Instructions to follow
Go through the entries below and report how many lines contain the string "with". Nothing but the number is wanted.

Information supplied
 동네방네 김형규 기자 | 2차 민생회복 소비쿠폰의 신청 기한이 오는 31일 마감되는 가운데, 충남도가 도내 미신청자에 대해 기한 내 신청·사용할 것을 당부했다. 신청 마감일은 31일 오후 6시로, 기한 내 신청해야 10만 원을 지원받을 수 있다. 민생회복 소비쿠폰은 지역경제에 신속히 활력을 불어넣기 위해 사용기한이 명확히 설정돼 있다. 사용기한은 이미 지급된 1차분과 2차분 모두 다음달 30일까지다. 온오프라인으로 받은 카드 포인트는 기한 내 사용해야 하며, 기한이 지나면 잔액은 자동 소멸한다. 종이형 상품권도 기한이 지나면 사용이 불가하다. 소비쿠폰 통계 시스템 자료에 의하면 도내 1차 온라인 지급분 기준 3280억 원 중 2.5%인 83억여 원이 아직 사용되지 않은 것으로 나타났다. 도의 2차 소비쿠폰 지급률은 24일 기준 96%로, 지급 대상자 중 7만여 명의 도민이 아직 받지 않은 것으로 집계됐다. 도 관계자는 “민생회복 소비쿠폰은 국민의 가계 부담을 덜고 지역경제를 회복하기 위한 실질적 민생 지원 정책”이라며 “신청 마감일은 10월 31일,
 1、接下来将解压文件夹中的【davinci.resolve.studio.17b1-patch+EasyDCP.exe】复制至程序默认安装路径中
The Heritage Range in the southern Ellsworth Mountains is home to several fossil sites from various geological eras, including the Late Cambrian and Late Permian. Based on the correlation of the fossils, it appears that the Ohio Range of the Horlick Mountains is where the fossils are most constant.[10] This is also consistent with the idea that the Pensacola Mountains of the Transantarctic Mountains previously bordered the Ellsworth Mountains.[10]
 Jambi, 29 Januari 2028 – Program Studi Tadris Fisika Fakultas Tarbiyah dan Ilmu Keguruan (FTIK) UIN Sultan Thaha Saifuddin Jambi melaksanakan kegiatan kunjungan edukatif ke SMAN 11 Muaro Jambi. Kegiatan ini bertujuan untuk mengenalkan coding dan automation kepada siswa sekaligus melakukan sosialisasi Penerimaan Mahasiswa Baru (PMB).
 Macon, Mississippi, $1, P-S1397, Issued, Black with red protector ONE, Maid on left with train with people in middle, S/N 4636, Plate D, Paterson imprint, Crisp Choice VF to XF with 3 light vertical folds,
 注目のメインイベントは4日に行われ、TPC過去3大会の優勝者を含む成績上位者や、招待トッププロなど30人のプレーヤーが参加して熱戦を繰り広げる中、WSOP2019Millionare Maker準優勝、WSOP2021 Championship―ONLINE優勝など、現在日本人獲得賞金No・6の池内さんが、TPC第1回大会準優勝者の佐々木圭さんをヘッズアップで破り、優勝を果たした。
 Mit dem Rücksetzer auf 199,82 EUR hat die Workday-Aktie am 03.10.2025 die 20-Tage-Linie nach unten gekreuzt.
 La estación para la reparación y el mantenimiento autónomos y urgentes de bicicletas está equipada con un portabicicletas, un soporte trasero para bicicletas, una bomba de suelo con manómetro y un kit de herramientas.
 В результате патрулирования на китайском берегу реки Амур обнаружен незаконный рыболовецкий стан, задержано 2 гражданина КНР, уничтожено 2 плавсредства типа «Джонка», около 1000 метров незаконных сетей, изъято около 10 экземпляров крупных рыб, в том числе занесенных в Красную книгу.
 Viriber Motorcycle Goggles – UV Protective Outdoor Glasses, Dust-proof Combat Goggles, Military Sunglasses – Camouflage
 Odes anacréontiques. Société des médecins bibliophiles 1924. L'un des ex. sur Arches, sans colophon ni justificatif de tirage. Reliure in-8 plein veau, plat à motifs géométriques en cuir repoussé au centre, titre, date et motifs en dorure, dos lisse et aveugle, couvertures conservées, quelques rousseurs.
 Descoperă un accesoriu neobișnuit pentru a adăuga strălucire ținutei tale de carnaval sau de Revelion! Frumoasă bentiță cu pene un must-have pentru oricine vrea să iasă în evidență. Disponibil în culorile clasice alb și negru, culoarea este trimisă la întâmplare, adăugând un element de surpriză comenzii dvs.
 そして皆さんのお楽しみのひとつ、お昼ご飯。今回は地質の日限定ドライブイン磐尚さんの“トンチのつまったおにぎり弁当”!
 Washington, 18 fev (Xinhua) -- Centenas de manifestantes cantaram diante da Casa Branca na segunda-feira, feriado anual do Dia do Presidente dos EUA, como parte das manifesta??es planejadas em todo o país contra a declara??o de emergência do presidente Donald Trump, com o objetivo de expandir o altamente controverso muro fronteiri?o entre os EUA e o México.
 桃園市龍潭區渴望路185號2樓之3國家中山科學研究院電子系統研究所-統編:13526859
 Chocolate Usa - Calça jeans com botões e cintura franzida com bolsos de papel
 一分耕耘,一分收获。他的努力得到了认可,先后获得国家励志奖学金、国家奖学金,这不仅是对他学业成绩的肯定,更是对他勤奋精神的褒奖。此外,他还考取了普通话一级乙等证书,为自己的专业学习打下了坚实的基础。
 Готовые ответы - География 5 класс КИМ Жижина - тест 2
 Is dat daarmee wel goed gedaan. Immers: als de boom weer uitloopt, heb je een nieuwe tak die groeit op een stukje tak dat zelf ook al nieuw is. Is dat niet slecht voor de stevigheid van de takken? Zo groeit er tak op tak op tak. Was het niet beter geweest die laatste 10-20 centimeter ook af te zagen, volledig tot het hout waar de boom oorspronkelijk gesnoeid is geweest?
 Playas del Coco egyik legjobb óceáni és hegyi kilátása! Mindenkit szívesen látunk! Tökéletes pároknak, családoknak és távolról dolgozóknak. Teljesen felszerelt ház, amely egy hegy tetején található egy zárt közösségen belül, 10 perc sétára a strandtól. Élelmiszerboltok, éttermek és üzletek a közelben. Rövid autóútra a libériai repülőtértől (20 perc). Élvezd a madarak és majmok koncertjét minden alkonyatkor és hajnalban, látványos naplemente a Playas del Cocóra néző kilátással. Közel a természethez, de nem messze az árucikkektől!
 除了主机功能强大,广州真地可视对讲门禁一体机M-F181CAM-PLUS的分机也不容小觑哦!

Task output
2